21.9.01

SOLTA O CARA!

Puta que pariu! Eu sabia que era uma parada arriscada! Puta que pariu e eu sabia que o amigo tava voluntáriamente emendando roubada em roubada. A malandragem excessiva me irritava as vezes, mas a carinhosa e cumplice amizade vencia, ah! E tinha o respeito. O respeito de ter encontrado o único cara mais corajoso, louco, incosequente e irresponsável do que eu.

Era uma parada arriscada, mas tudo ia correr bem, era só não dar mole pro azar. Mas depois do segundo telefonema comecei a recomendar o "Abort Mission", "Isto está me cheirando a roubada", "cai fora daí, amanha a gente procura outro contato!". Mas o amigo disse que o cara tava atrasado, mas que tinha ligado, só isso! O vagabundo que tava com ele já tinha riscado e movimentado. Puta roubada, só faltava uma placa.

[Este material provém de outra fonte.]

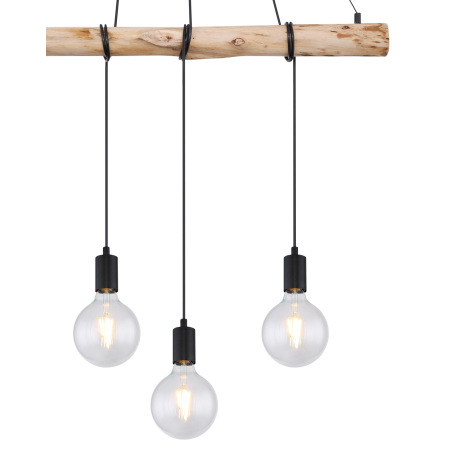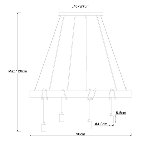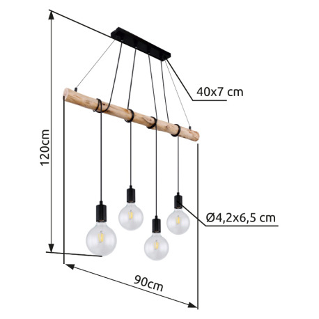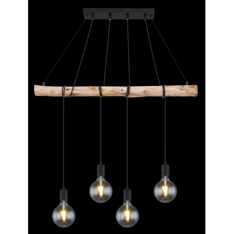 Závesné svietidlo, kov čierny matný, drevo, DxŠxV: 900x70x1200, bez žiaroviek 4xE27, max. 60W 230V

As trigêmias de Brasília discutiam com seu sotaque e termos bizarros, as minas pareciam mesmo dispostas a destruir a minha casa ou me expulsar dela, o que rolasse antes. Elas não bebiam, fumavam ou trepavam, nem diziam malaspalabras e eram magrinhas demais, mas exóticas, boas pro cartão postal. O Mamata tava querendo fazer o macarrão logo, cortei o gordo: "deixa pra quando ele chegar, se for prensolto denovo a gente refoga na madeira".

Beeem mais tarde, quando as trigêmias já tavam trancadas no quarto (elas tinham o costume de zanzar por aí nuas, sei lá!) a porra do telefone toca.

- já temo a parada, vamos dividir o k e rumar praí
- Cê tá maluco!? Ponte a esta hora!?? Não rola! Deve ter Blitz!
- Limpeza! Espera a tocha!

Foi algo mais ou menos assim, não me lembro direito.Era uma parada arriscada. Puta que pariu! Me lembro bem do telefonema seguinte:

- Cê até sabe o que aconteceu né!?

Eles tavam num ônibus. Puta que pariu! Ônibus! Cada um num canto, ele com o flagrante na pasta, traçando um danoninho na maior inocência. Os meganhas entraram pela frente e fizeram a cesta de chuá. E tem filho da puta que não acredita em X9!

Na delegacia, um babaca de algum jornal ficou enchendo o saco dele que retrucava fazendo careta pra foto, até muito puto soltar a pérola: "Porra! Já sei! Você é daqueles que copia Release!!!"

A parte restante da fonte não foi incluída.